Adventures in Ice Cream Making

For graduation, my friend and former roommate Lara gave me an ice cream maker and a book - Jeni's Splendid Ice Creams at Home. For you Columbus people, you may have heard about this wonderful recipe book Jeni came out with recently in which she actually tells you how to make her wonderful ice cream. If you have never heard of Jeni's, well, that is a real shame. She makes some of the best and most unusual ice cream I have ever had. And now I can make it at home.

A few days before I received my amazing gift, I had actually found a place in Burbank that carries Jeni's ice cream. Its a little place called the Handy Market, perhaps LA peeps have seen the famous Saturday barbeque along Magnolia. (If you've never tried the ribs, they are fantastic).  We picked up two pints - Roasted Red Cherry and Goat Cheese and Wildberry Lavender, for $11.99 each. Needless to say, they are both gone.

For our first ice cream adventure, we decided to make Salty Caramel, Jeni's signature flavor. There are no fancy ingredients. The only difficult (and very dangerous) part is making the caramel by cooking sugar dry. It is a very good way to give yourself 3rd degree burns. Fortunately, I had some experience making caramel in the past for an apple tart. Unfortunately, using the wet technique didn't turn out very well. :-/

First we begin by assembling our ingredients: corn syrup, whole milk, heavy cream, corn starch, cream cheese, vanilla, salt and sugar. That's everything! At this point its hard to believe these discrete items will form a smooth velvety ice-cream.

I begin by cooking the sugar into caramel. I remember that at my last attempt at caramel I was impatient and took it off way too soon, so this time I make myself stand and wait until the amber color appears. Luckily, no burns were sustained by any party.

Next add the heavy cream and corn syrup mixture, then milk, finally milk and corn starch, then whisk into salted cream cheese.

Then the creamy mixture cools down in an ice bath. At this point I had to run to the store for the third time to pick up more things I had forgotten to get on the last two trips, namely parchment paper to put on the finished ice cream. I also got some freezer bags because oops, we didn't have enough ice. 

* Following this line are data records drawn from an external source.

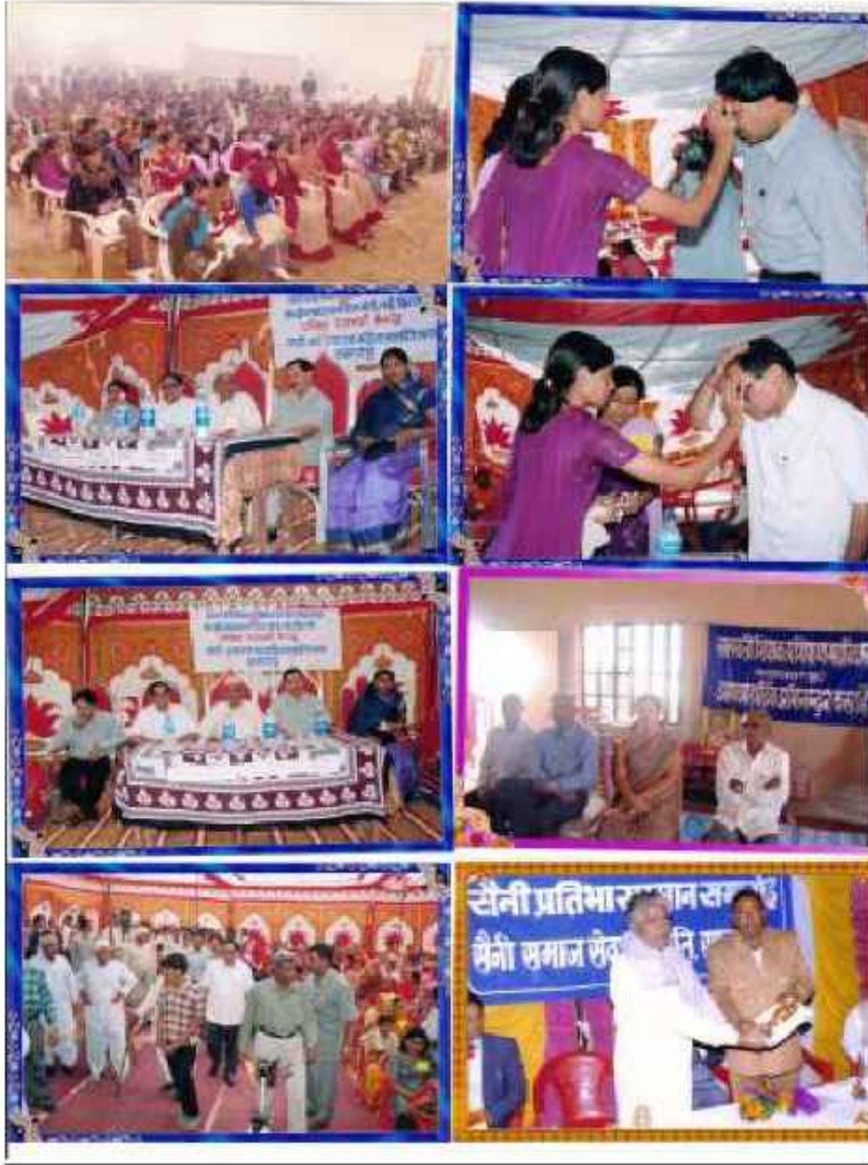
Talent Award Program and Women Empowerment Awareness Program

Website : saraswatitcollege.com, E-mail : sttcollegesds@rediffmail.com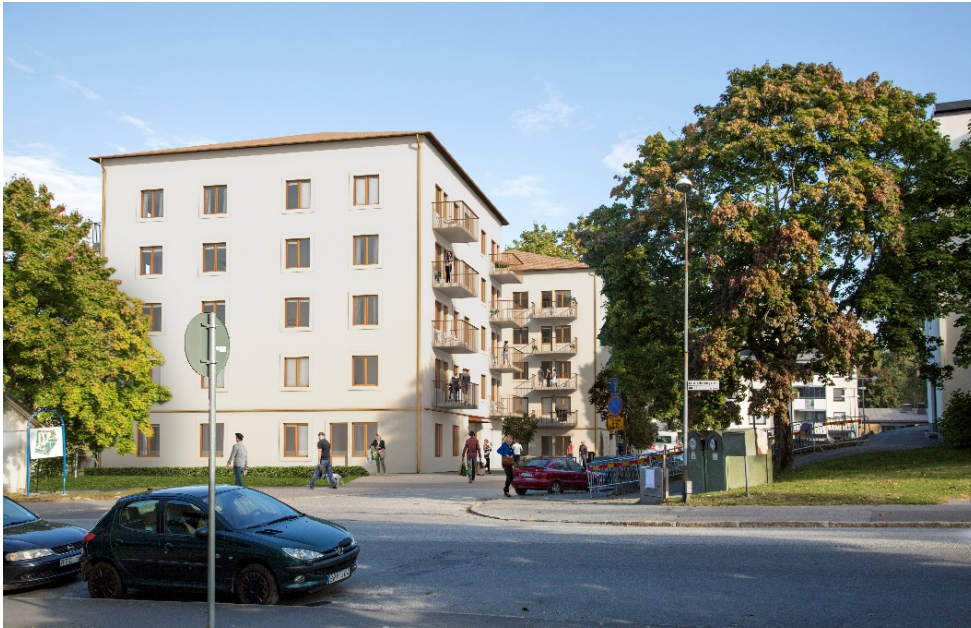
Vy in mot Kilsgatan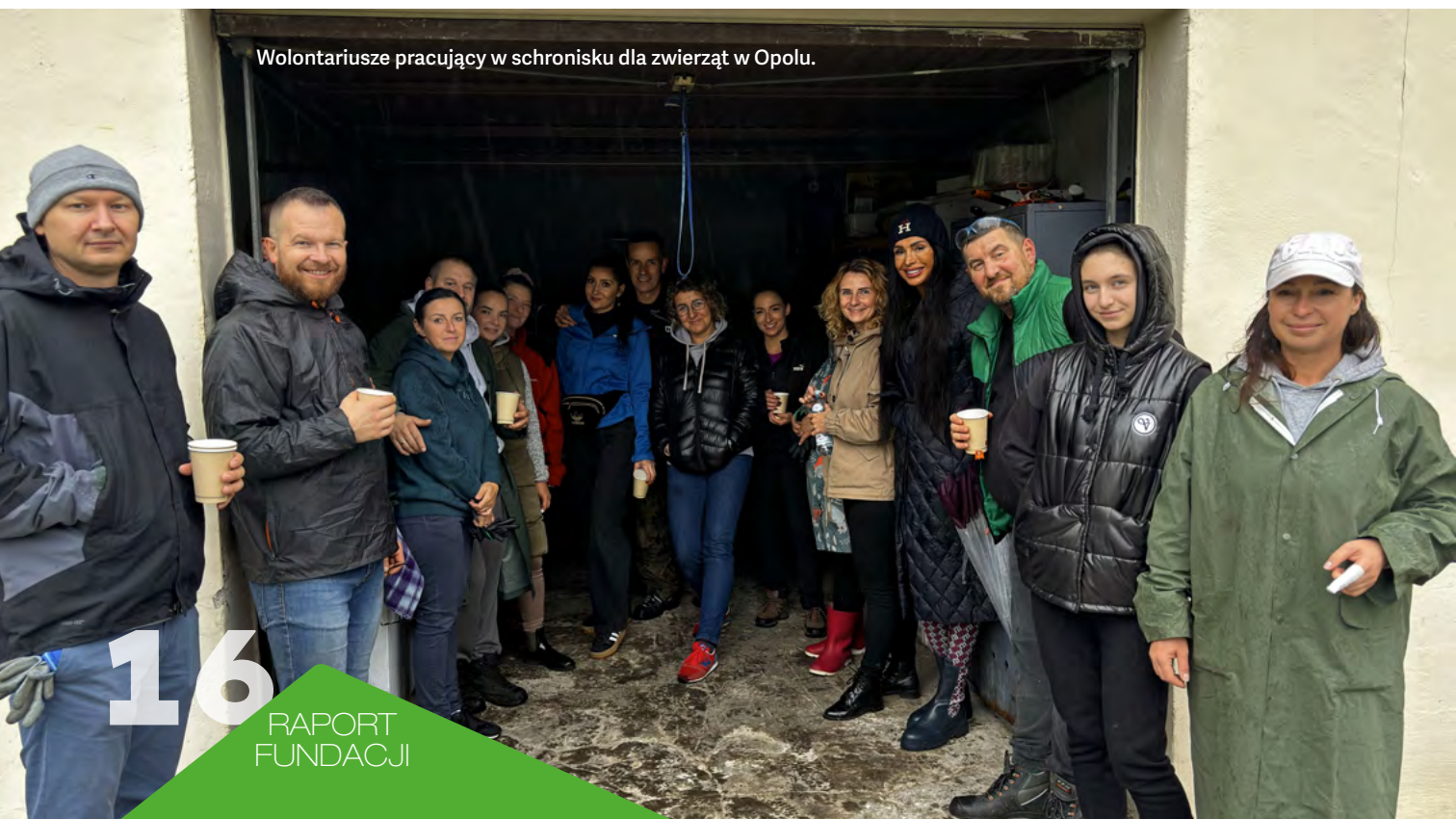
Wolontariusze pracujący w schronisku dla zwierząt w Opolu.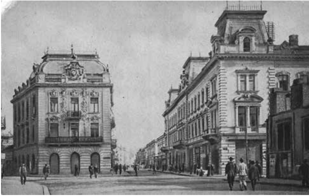
Слика 3 Кнез Михаилова улица око 1920. године, разгледница, издање „Видов дан“. Музеј града Београда (Ур. 1235)

подигнутом 1900 и на палати „Зора“ 1904, 44 који су својом модерном елеганцијом обележили београдски Корзо уочи Првог Светског рата. „Корзо, који је био жила куцавица Београда, никад није био живљи, а тај корзо је био као нека свакодневна спонтана ревија моде и елеганције“. 45 (Слика 3)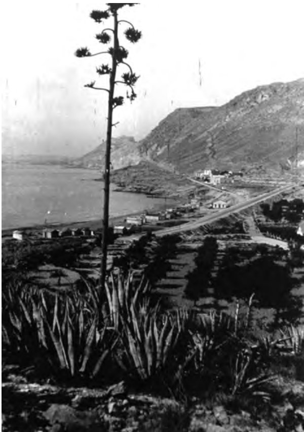
Figure 1a. Albufereta bay in the 1930s.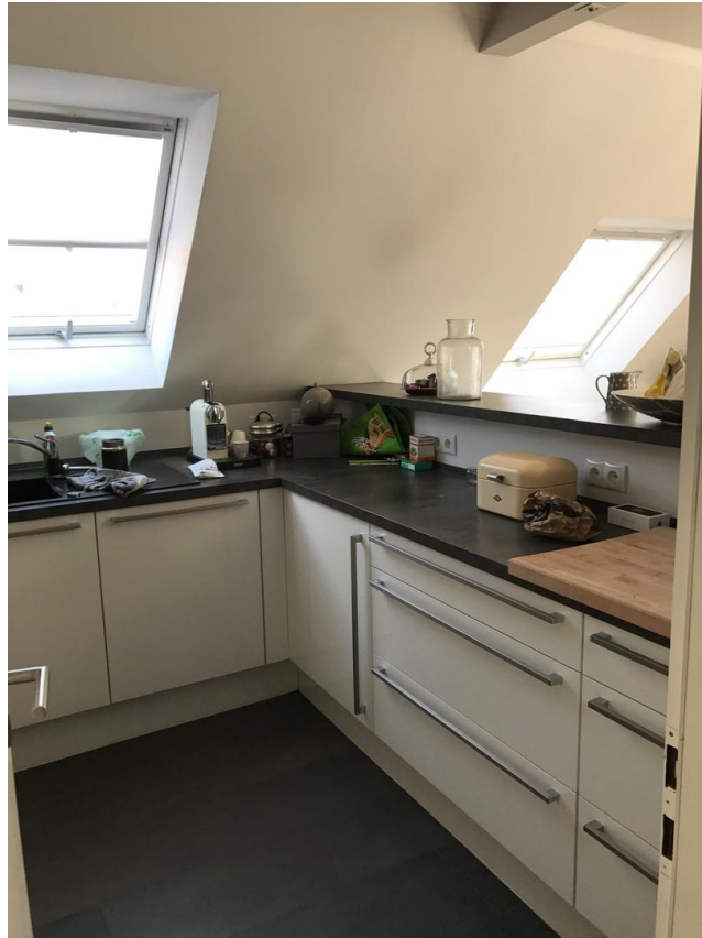
Küche mit Theke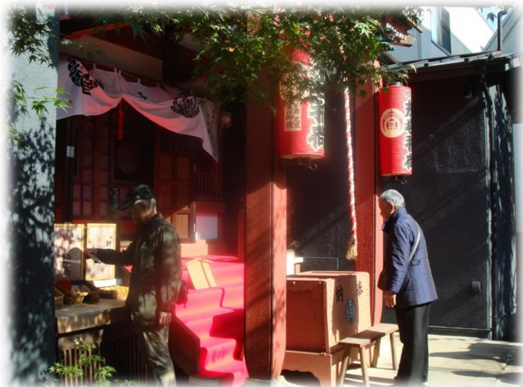
お岩様をお祀りしているお岩稲荷陽運寺 悪縁を除き、良縁を招く縁結びにご利益になるとのことで、若い女性の参拝者も多いとか。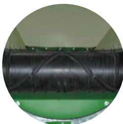
Profilgurt für Bandaufgeber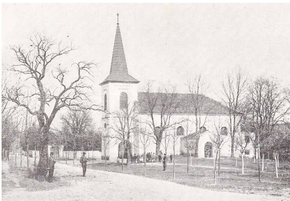
Kostel v Trnové okolo roku 1900

východním okraji skalního výběžku. Tam je ale před námi ještě kus cesty, takže půjdeme dál. Po 100 metrech od vchodu do dvorany zámečku se dostaneme na prostranství k Trnovské krčmě. Její základy byly položeny tehdejším majitelem trnovského velkostatku, Janem Ferdinandem ze Schönfeldu, který tady v roce 1791 (uvádí se i rok 1790) založil první rolnickou školu v Čechách.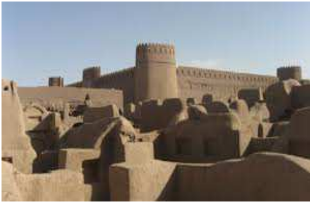
Ciudadella de Rayen, Kerman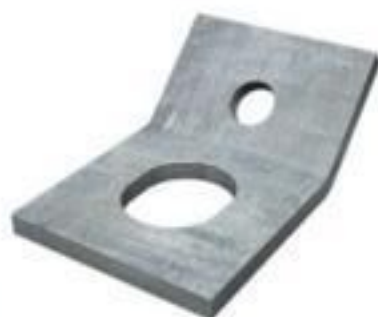
CHAPA DE ESTAI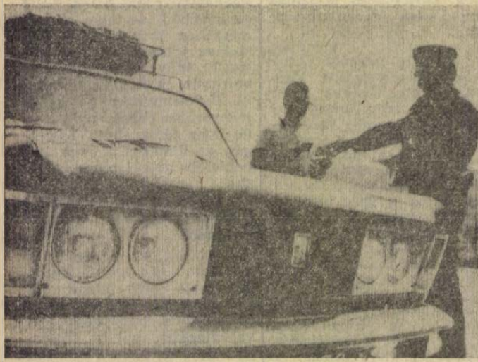
Köszönjük, rendben! — szól az útlevelekezelő, s máris nyílik a sorompó.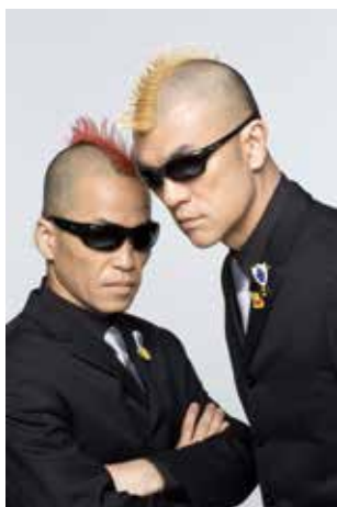
海外でも人気のサイレントコ メディー・デュオ「が〜まるち よば」が大仙市に初見参

ホール ◆プレイガイド／CAOS広 場(トピコ)、大曲市民会 館、ローソンチケット(L コード:21646)、チケ ットぴあ(Pコード:487 1524)、セブンチケッ ト、イープラス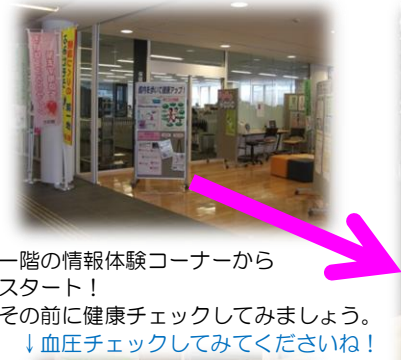
一階の情報体験コーナーからスタート！ その前に健康チェックしてみましょう。 ↓血圧チェックしてみてくださいね！

前回は、天気が悪くても屋内を歩いて運動不足解消できる「にこ♥ふるウォーキング」をおススメしましたが、今回は、もっと「にこ♥ふる」での時間を楽しく過ごすために施設のご案内をしてみたいと思います。(^^)/ (避難者支援副担当の山本と沼澤が体験してみました～♪)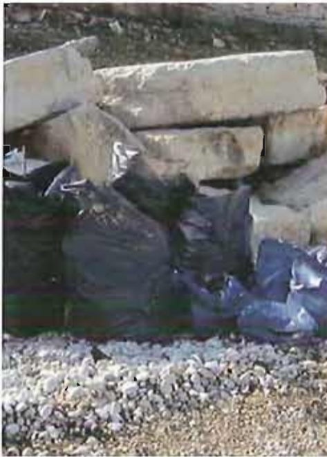
"Mare d'Inverno" di Fare Verde Bisceglie

Ma ci chiediamo, una volta terminato il campo, anche quest'anno nessuno si prenderà cura dell'unico vero polmone verde di Bitonto?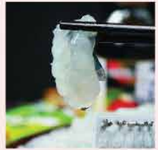
124A. 泰式生蝦刺身 約20件 零售價: $69.5 會員價$23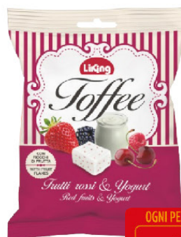
LIKING CARAM. G.175 TOFFEE FR/ROSSI E YOGURT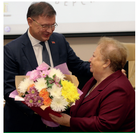
Наш ректор был в прекрасном настроении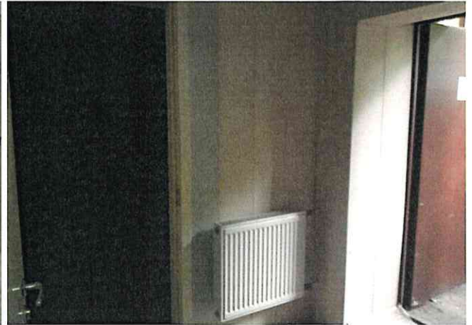
Фото № 8(ч.п.2)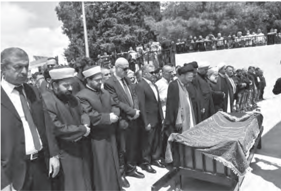
الصلاة على الجثمان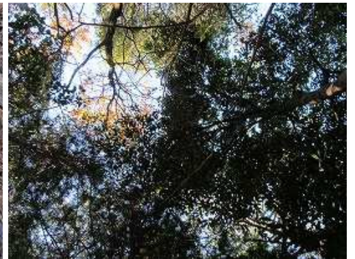
周囲を樹木で囲まれ展望は得られない。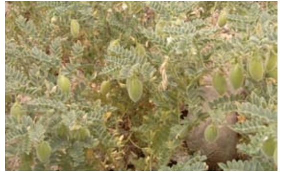
Cicer arietinum 58 حمص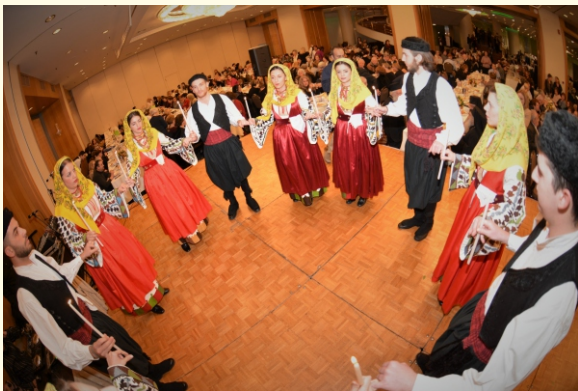
Χορευτικό στιγμιότυπο του Λυκείου Ελληνίδων Παπάγου-Χολαργού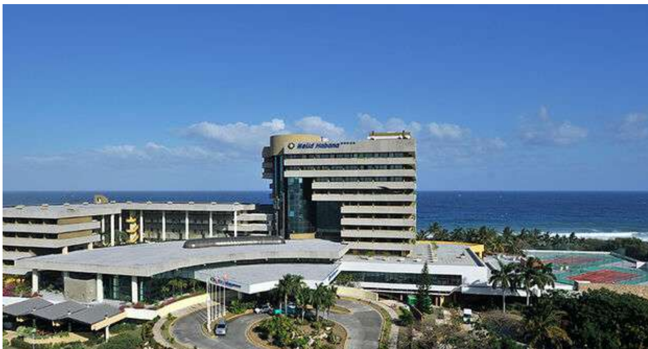
El Hotel Meliá Habana fue inaugurado el 30 de septiembre de 1998 por Fidel Castro.

Next it makes its way into the ice cream machine. The canister for the ice cream machine has been in the freezer for 24 hours. At first, the ice cream looks like liquid peanut butter cookie batter.
The machine churns and churns and it starts more and more to resemble ice cream. After 20 minutes I decide its done. It goes into a container with parchment paper on top and into the freezer.

We wait 4 hours because that's what it says in the book. Then - its time to taste our creation.

It is unbelievably smooth and creamy. It tastes like caramel alright, with a slightly bitter finish. This is because I let the sugar go a bit too long. Jeni says knowing the right moment to take it off the heat is almost instinctual. Perhaps I should have started with a less delicate recipe, but oh well. It still tastes delicious! (and is almost gone already!)

I can't wait to try the next recipe!